A.) I'm clearly not saying that I am morally opposed to blogging or some such. That would be a silly statement to make, especially in the form that I'd be making it in. The point is merely that there is a good and a bad way to blog, given legitimate concerns one might have with the practical effects of the way that blogs are commonly designed. I'm sure you agree. This is, indeed, a normative consideration. But, one shouldn't be quick to confuse my rather modest proposal with the practice of making extreme statements.

B.) Granted, the blogosphere may be a good way of creating community, esp. in today's humdrum rat race to the edge of the cliff. We're all busy, etc. In fact, as it turns out, you and I are at the moment enjoying our friendship through these means. But, that's all possible because we have a REAL relationship outside of, i.e. beyond, the realm of cyberspace. We are friends first in meatspace, actual reality, or whatever you want to call life these days. At best - and I hope you'd agree - the blogo-frienship is a distant second to community in the flesh.

C.) That all being said, sure, blogs can be great for filling in the gaps or crossing distances or being a virtual coffee shop or whatever. Heck, it might be good for ministry stuff. I'll leave that for the cops and bureaucrats to figure out. I simply suggest that a potential threat posed by blogging is that it might lead to substitute for the sort of embodied relationships across socio-economic, political, racial, and gender lines that people really need. My point about the lack of connection with the dude on the pew is that "Church" in contemporary Christianity has come to mean, as is often noted, something we do in a building somewhere out on the highway close to where all the white people like me live. Whatever. The thing is, most of that stuff going on there is just plain fake. We go there and we say that, "hey there brother, we love everybody, and so forth." But, who are we kidding? Turns out, much of the Christian world is, in many ways, invested in efforts to be on top, economically, politically, etc. Look at voting trends if you need data here. Why are "we" in favor of the policies that "we" support? (Think: Big business, opposition to social assistance programs, tough punishment, retribution, etc.) Would Jesus be? Why are we? Here I can only speculate, but I imagine it has something to do with the fact that The Christianity of Power, in the Big Building, has lost sight of its mission of bringing good news to the poor, proclaiming freedom to those in captivity, and liberating the oppressed here on earth (Luke 4, i think) because We don't see poor, captured, and oppressed people among us. We no longer identify with them! That's got to be missing the mark; consider the humility of Jesus. And I don't think blogs are helping (though they are not *necessarily* preventing) that from changing.

D.) So, Timmy, its not a contradiction to say that many bloggers are talking to folks within a relatively small circle and that little connection across party/economic/social/racial/gender/political lines is going on in our Buildings.
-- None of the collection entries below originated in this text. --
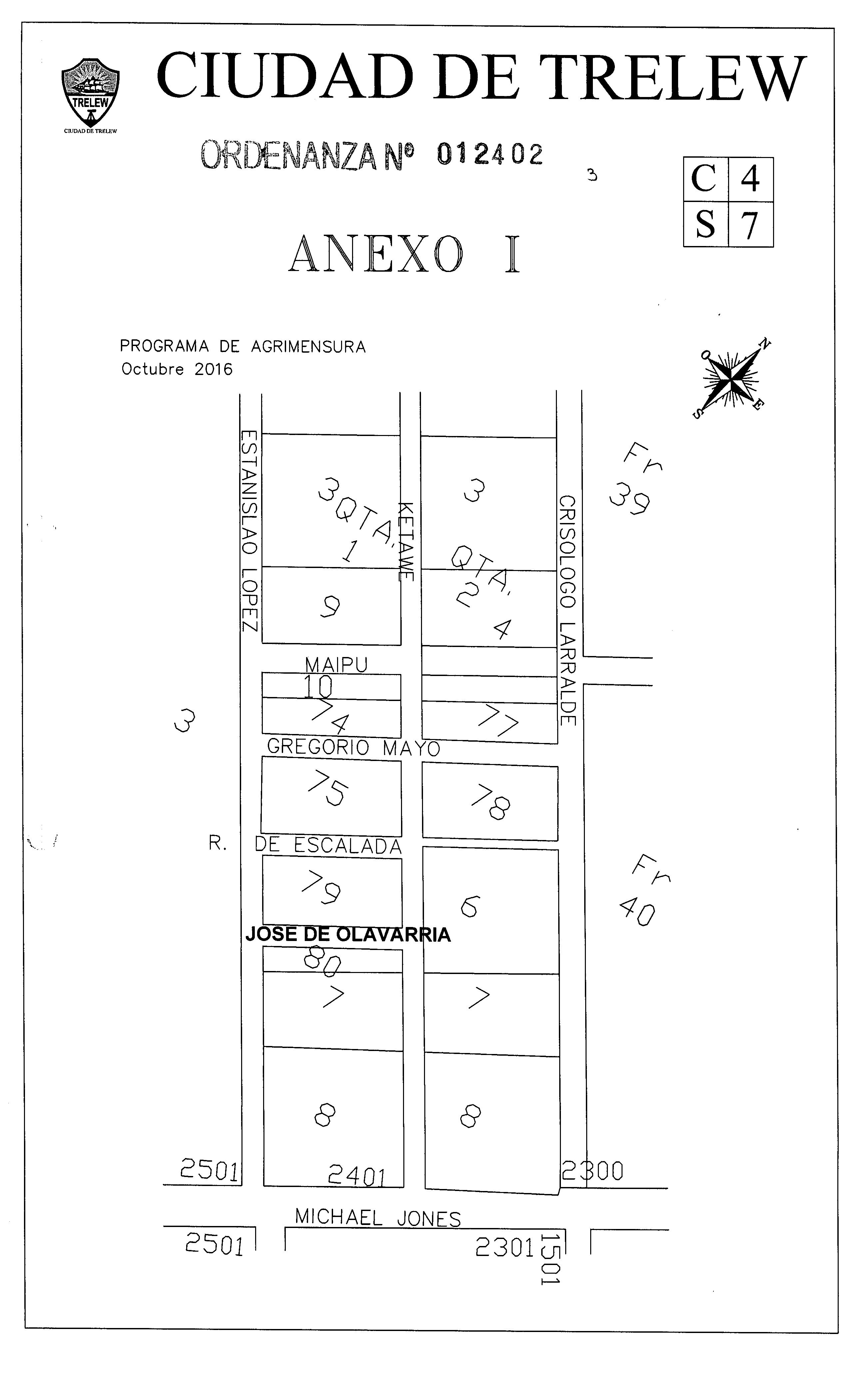 ARTICULO 3ro.): DESÍGNASE con el nombre de JUAN VUCETICH, a la divisoria entre las Quintas 1 y 2, del Sector 12, Circunscripción 2, de acuerdo al Anexo II.
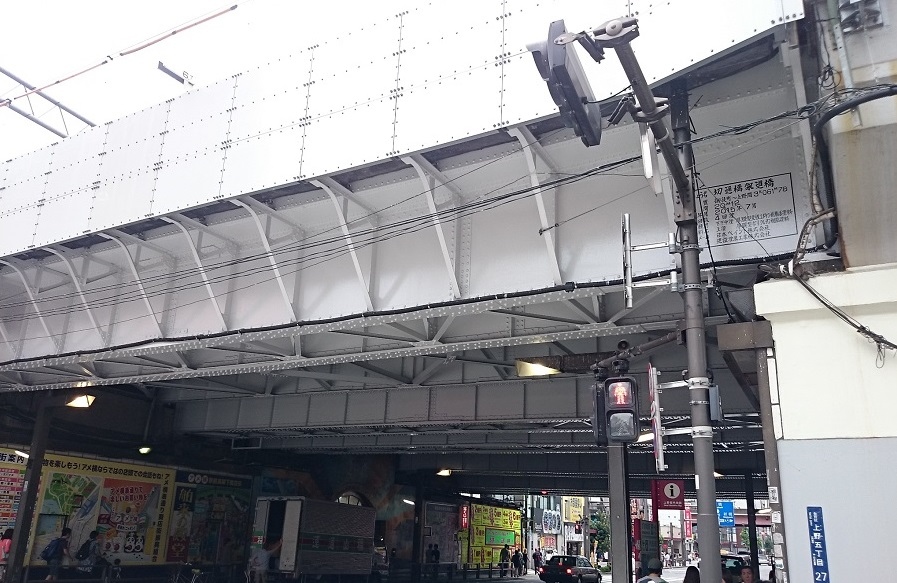 架道橋とは道路や線路の上をまたぐように架かっている橋の事で、切通橋架道橋はJR御徒町駅前の春日通りをまたいでいるJR線路の橋です。合計7本の線路が通っていて、最初の架橋は大正13年(1924年)なのだそうです。アメ横へ行く時など何気なく下をくぐっていた橋ですが、100年近くも前に架けられた橋だったのですね。
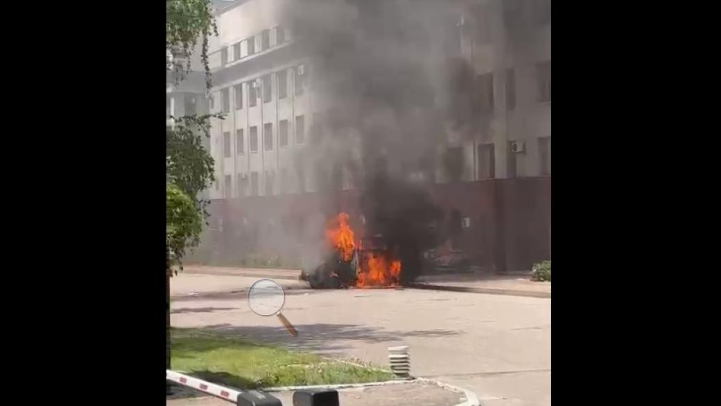 На опубликованном видео, горит автомобиль возле здания бывшего "Донбассэнерго", расположенного у входа в городской центральный парк.
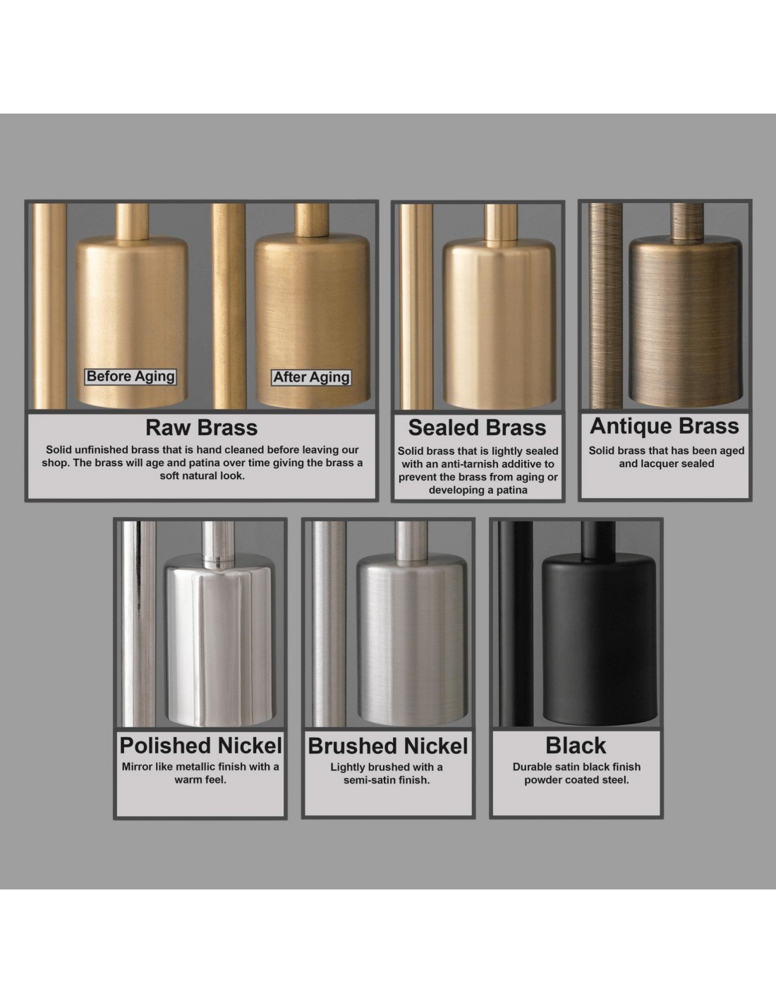 - Onze Raw Brass-afwerking bestaat uit massief, onafgewerkt messing dat met de hand wordt gereinigd voordat het onze werkplaats verlaat. Het messing zal na verloop van tijd verouderen en patineren, waardoor de afwerking een zachte, natuurlijke uitstraling krijgt.

Lots of chumship in the former, notsomuch in the latter, except where agreement already exists. Ok. But, blogging is hardly the model for correcting the problems in the Buildings. I think part of the answer has to be found in relearning WHO, as followers of Jesus, we are supposed to make an effort to be in relationship with. One of the threats to talking mostly with people that, as you put it, are "of kindred spirit, united in the same purpose, beliefs, worldview, etc." is that we run the risk of losing community with anyone that isn't priviledged, white, educated, upper class, churched, etc. To under estimate the way in which those categories are relevant to the formation of world is to risk impoverishing it.

I should seek, I think, to be in relationship with The Different. And, that's because Jesus first crossed the tracks to love me (Praise God!). I'm here to say I am SO glad that he invited (and every morning anew invites) me to relationship with Him, even when my situation was (is) less than agreeable. And, that was all in the flesh. Christ wasn't virtual - if so, we are among the most pitiful.

Of course, it's cool to me to know that what I just said is probably obvious to someone like yourself. Unlike many in the Buildings, you've always been a man that actually is in community with the oppressed and the wretched of the earth. So, I've no worries about blogging acting as a substitute for someone like you, Timmy. Of course, of course.

-jcc

1/25/2006 02:55:00 PM

 
Blogger Timmy said...

Caleb,

You said,

"The point is merely that there is a good and a bad way to blog, given legitimate concerns one might have with the practical effects of the way that blogs are commonly designed. I'm sure you agree."

Yes I do.


Also, you said,

"We are friends first in meatspace, actual reality, or whatever you want to call life these days. At best - and I hope you'd agree - the blogo-frienship is a distant second to community in the flesh."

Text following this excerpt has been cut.